| Records supplied |
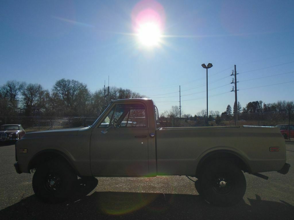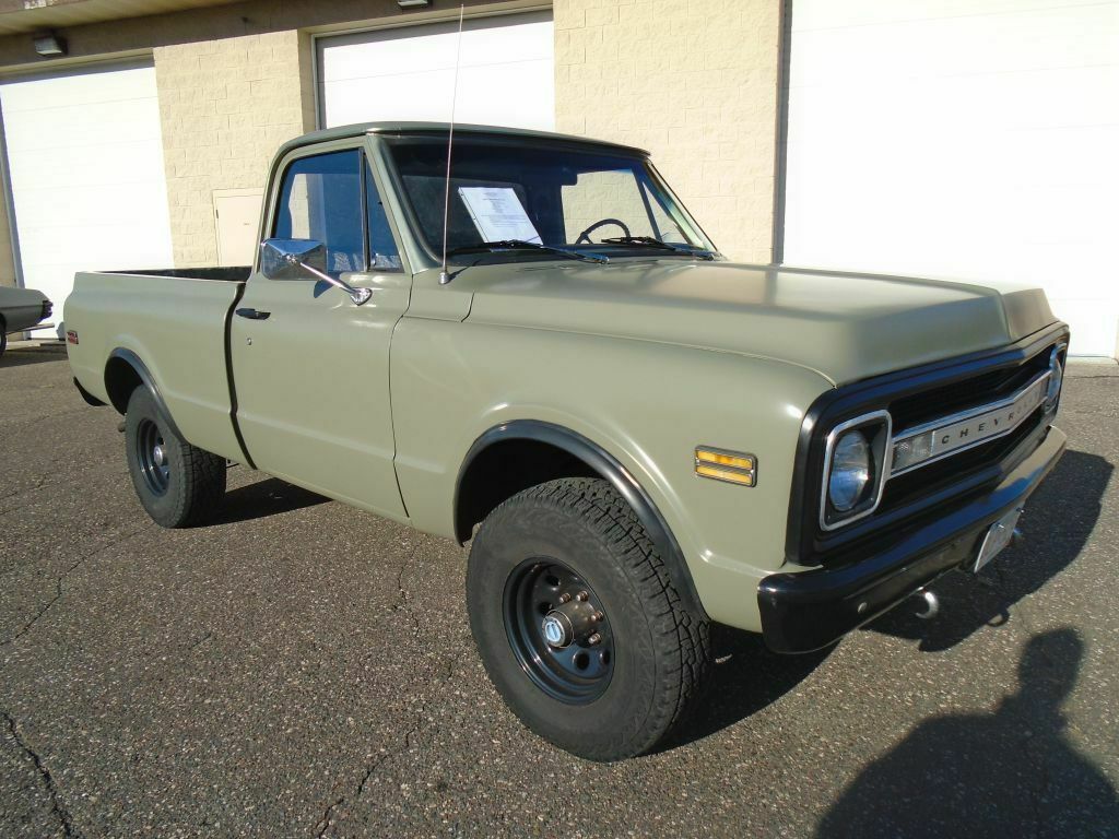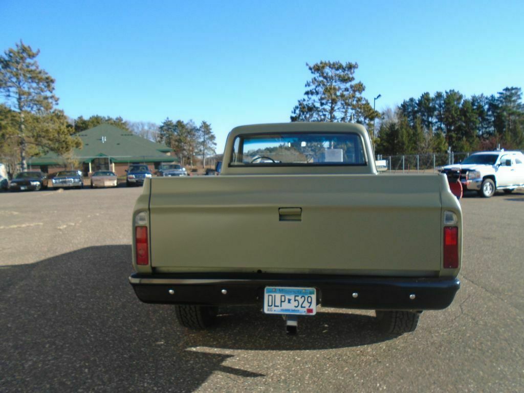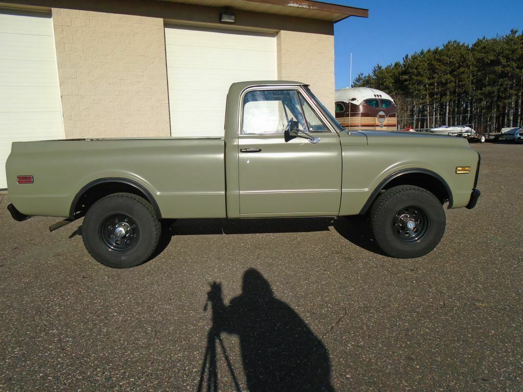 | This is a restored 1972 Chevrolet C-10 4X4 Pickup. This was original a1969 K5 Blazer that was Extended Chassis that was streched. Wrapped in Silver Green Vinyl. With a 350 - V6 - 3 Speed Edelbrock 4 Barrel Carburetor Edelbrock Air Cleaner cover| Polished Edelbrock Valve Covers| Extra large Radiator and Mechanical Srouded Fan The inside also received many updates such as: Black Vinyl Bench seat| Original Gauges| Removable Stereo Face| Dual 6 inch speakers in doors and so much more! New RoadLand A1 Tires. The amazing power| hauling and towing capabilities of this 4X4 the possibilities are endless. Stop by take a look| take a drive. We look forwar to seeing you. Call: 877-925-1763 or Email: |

==

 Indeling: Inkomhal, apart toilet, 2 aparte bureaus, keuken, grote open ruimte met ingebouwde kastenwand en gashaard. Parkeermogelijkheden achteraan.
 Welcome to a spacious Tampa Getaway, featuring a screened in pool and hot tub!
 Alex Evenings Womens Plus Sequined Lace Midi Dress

==

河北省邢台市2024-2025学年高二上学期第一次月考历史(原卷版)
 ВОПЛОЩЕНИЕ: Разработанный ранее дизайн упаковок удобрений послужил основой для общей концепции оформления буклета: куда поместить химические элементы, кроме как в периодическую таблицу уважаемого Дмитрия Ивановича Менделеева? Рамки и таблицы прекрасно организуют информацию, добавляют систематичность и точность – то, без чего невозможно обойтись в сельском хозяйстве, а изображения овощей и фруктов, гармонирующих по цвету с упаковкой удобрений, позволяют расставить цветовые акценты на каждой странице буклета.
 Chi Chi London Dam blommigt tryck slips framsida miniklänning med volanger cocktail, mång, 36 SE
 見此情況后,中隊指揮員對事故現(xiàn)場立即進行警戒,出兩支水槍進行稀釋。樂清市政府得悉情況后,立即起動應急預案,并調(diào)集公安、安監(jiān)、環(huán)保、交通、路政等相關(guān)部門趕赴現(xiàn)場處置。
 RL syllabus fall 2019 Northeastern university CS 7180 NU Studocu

| Task details |
What you give back should be only the lines of the records above, starting at the line with "Welcome to a" and ending at the line with "Alex Evenings Womens", restated word for word.

| Answer to the exercise |
 Welcome to a spacious Tampa Getaway, featuring a screened in pool and hot tub!
 Alex Evenings Womens Plus Sequined Lace Midi Dress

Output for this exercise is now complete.